Woody Allen. Roman Polański. Harvey Weinstein. Und kein Ende in Sicht. Jetzt kommt ans Licht, wie ein Hollywood-Produzent jahrzehntelang Frauen sexuell belästigte, bedrängte und vergewaltigte. Und Weinstein ist nur die Spitze der Spitze eines ekelhaften Eisbergs. Unter dem Hashtag #MeToo melden sich viele tausend Frauen* zu Wort und berichten von den schrecklichen Dingen, die ihnen widerfahren sind.

Beziehungsweise: Sie berichten in der Regel gar nicht, sondern schließen sich der Aktion mittels kollektiver Nonmention via Hashtag an. Das ist einerseits ob der schieren Menge an Posts sehr erschreckend, andererseits aber auch kaum greifbar – kann man doch in der Regel nicht hinter die einzelnen „Ich-auchs“ blicken.

Und hier liegt ja durchaus eine Gefahr: Die Erfahrungen werden undifferenziert unter einen Hashtag subsumiert.

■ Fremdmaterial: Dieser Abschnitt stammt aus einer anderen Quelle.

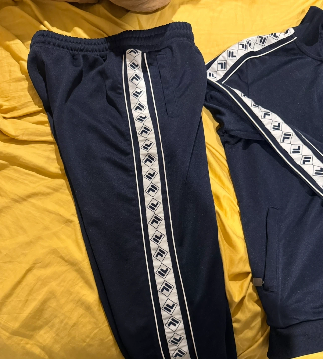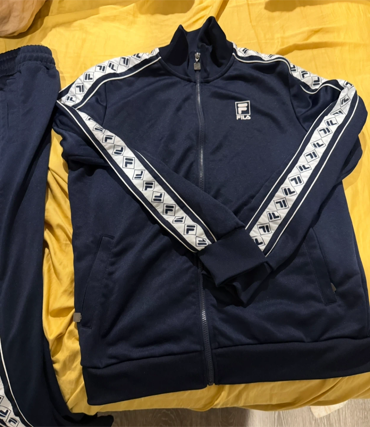FILA Men track jacket and pants set in navy blue color, pristine condition! The jacket and pants both feature the fila logo stripe design. Size: Jacket- Men M; Pants -Men S (fit 29-32).

Dennoch ist das in diesem Fall durchaus legitim, bekommen wir dadurch doch einen Eindruck von der „Alltäglichkeit“ und der schieren Masse der Bedrohung. Hier heiligt der Zweck vermutlich das Mittel.

Und die Männer*? Die schweigen flächendeckend.

Grundsätzlich finde ich es ganz gut, wenn der Aktion auch dadurch Aufmerksamkeit zuteil wird, dass Männer* sich mit Kommentaren zurückhalten. Gerade deshalb, weil auch viele Männer*Opfer sexueller Übergriffe werden. Charles Klymer (Update nach einem Hinweis von Frevilo in den Kommentaren (s.u.) auf diesen Artikel: Meine Auswahl des Zitatgebers war nicht optimal, ich lasse das Zitat aber dennoch stehen.) brachte es in einem Beitrag auf den Punkt, als er schrieb, weshalb Männer sich in diesem Falle zurückhalten sollten:

„I don’t think that’s excluding folks but simply amplifying a specific experience. We should never shy away from taking a step back and amplifying.“

Ich fürchte jedoch, dass das Schweigen der Männer nicht nur mit Rücksichtnahme zu tun hat. Es dürfte mehrere Gründe dafür geben, dass es wieder einmal die Frauen sind, die das Thema öffentlich machen, das für so viele Alltag ist: Sexismus, sexuelle Übergriffe und Vergewaltigungen. Es ist erschreckend, wie häufig #MeToo alleine in meiner Timeline auftaucht. Und: Nur die Männer scheint das noch zu überraschen.

Teil des Problems

Zurückhaltung bei diesem Thema kann auch andere Gründe haben. Sehr viele Männer sind sich nach wie vor nicht dessen bewusst, dass sie auch dann Teil des Problems sind, wenn die Taten nicht von ihnen selbst ausgehen. Indem sie wegsehen, wenn andere übergriffig sind, schaffen sie den Nährboden für Sexismus und sexuelle Gewalt. So hart, so einfach ist das.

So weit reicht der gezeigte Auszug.